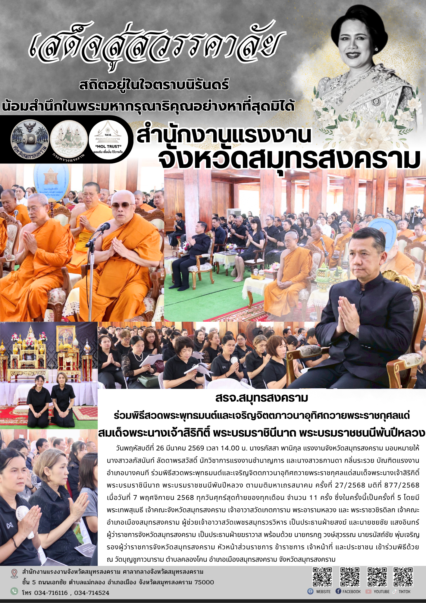 สรจ.สมุทรสงคราม ร่วมพิธีสวดพระพุทธมนต์และเจริญจิตตภาวนาอุทิศถวายพระราชกุศลแด่ สมเด็จพระนางเจ้าสิริกิติ์ พระบรมราชินีนาถ พระบรมราชชนนีพันปีหลวง
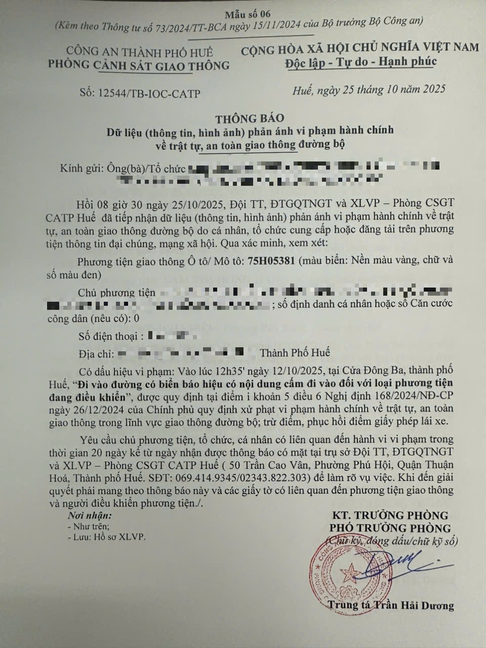 Qua hình ảnh phản ánh, người điều khiển phương tiện BKS 75H05381 có dấu hiệu vi phạm lỗi: Đi vào đường có biển báo hiệu có nội dung cấm đi vào đối với loại phương tiện đang điều khiển, quy định tại điểm i, khoản 5, điều 6 Nghị định số 168/2024/NĐ-CP ngày 26/12/2024 của Chính phủ quy định xử phạt vi phạm hành chính về trật tự, an toàn giao thông trong lĩnh vực giao thông đường bộ; trừ điểm, phục hồi điểm giấy phép lái xe.
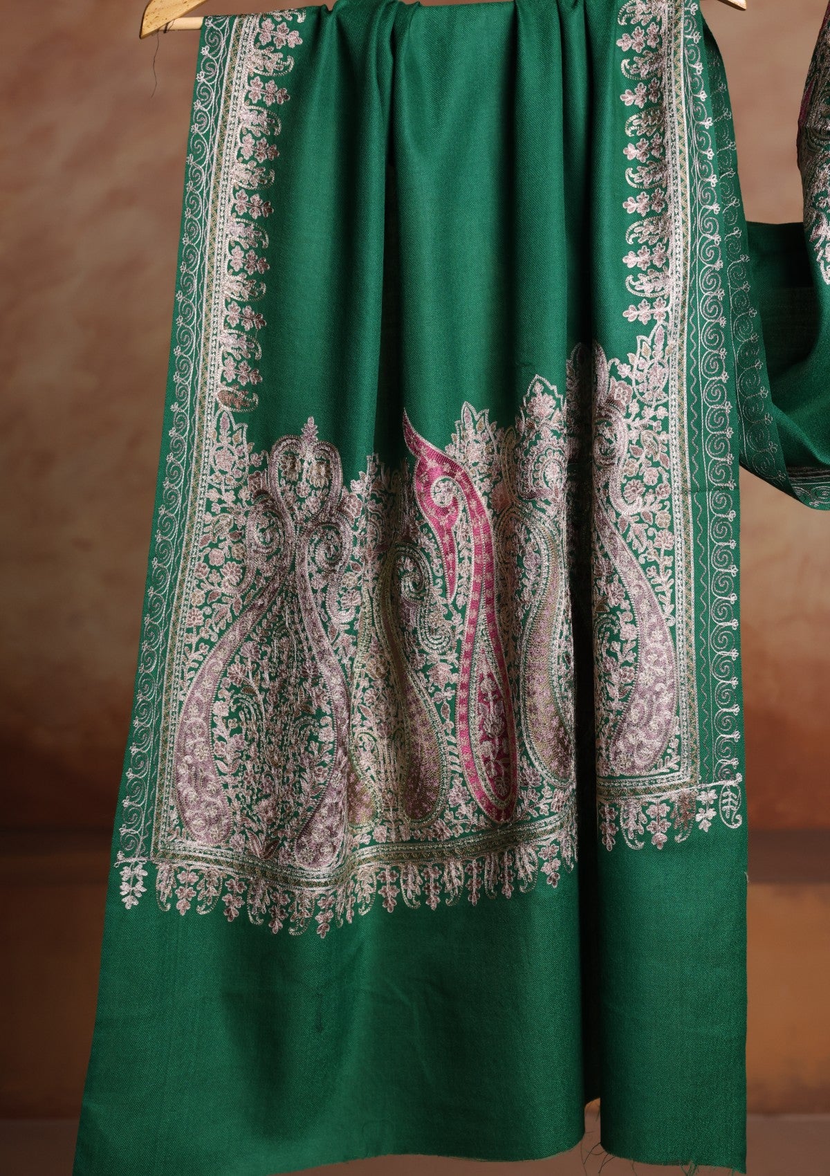 Pashmina Ari Work Jaaldar Scarf D#01 - Green
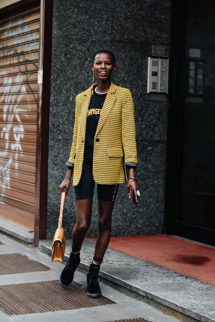لإطلالة رياضية باللون الأسود الملكي يمكنك ارتداء الشورت ، مع بلوزة قصيرة ، وجزمة عالية حتى الكاحل وسترة.
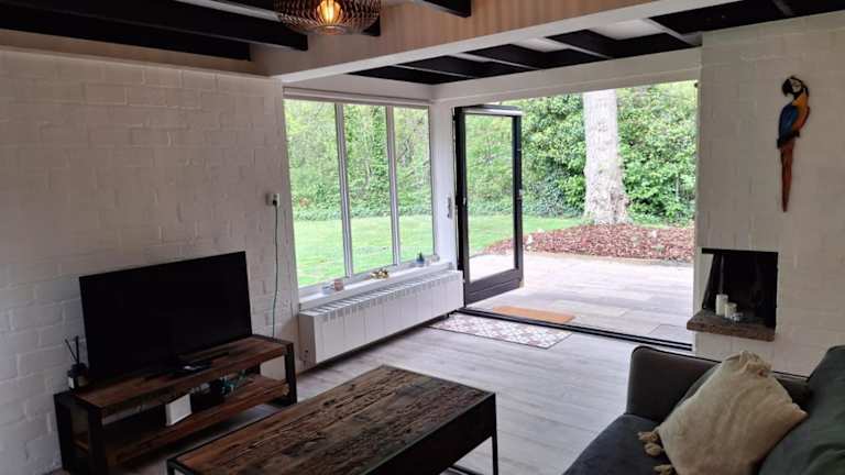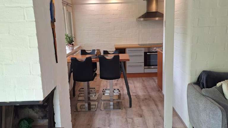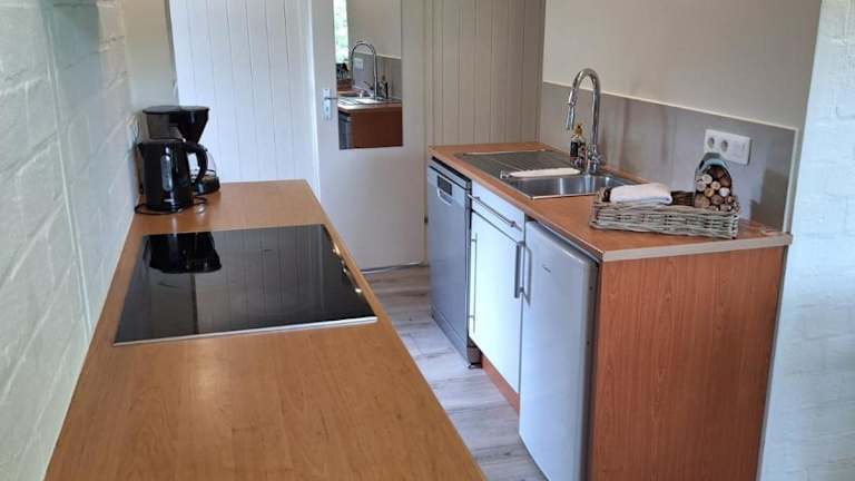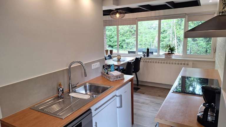Das Ferienhaus umfasst 2 Schlafzimmer und eine voll ausgestattete Küche. Außerdem bietet es einen direkten Zugang zu einer Terrasse mit Gartenblick.

--------

● Your assignment
Write every entry out again exactly, dropping the pictures.

● Completed exercise
 สรจ.สมุทรสงคราม ร่วมพิธีสวดพระพุทธมนต์และเจริญจิตตภาวนาอุทิศถวายพระราชกุศลแด่ สมเด็จพระนางเจ้าสิริกิติ์ พระบรมราชินีนาถ พระบรมราชชนนีพันปีหลวง
 Qua hình ảnh phản ánh, người điều khiển phương tiện BKS 75H05381 có dấu hiệu vi phạm lỗi: Đi vào đường có biển báo hiệu có nội dung cấm đi vào đối với loại phương tiện đang điều khiển, quy định tại điểm i, khoản 5, điều 6 Nghị định số 168/2024/NĐ-CP ngày 26/12/2024 của Chính phủ quy định xử phạt vi phạm hành chính về trật tự, an toàn giao thông trong lĩnh vực giao thông đường bộ; trừ điểm, phục hồi điểm giấy phép lái xe.
 Pashmina Ari Work Jaaldar Scarf D#01 - Green
لإطلالة رياضية باللون الأسود الملكي يمكنك ارتداء الشورت ، مع بلوزة قصيرة ، وجزمة عالية حتى الكاحل وسترة.
Das Ferienhaus umfasst 2 Schlafzimmer und eine voll ausgestattete Küche. Außerdem bietet es einen direkten Zugang zu einer Terrasse mit Gartenblick.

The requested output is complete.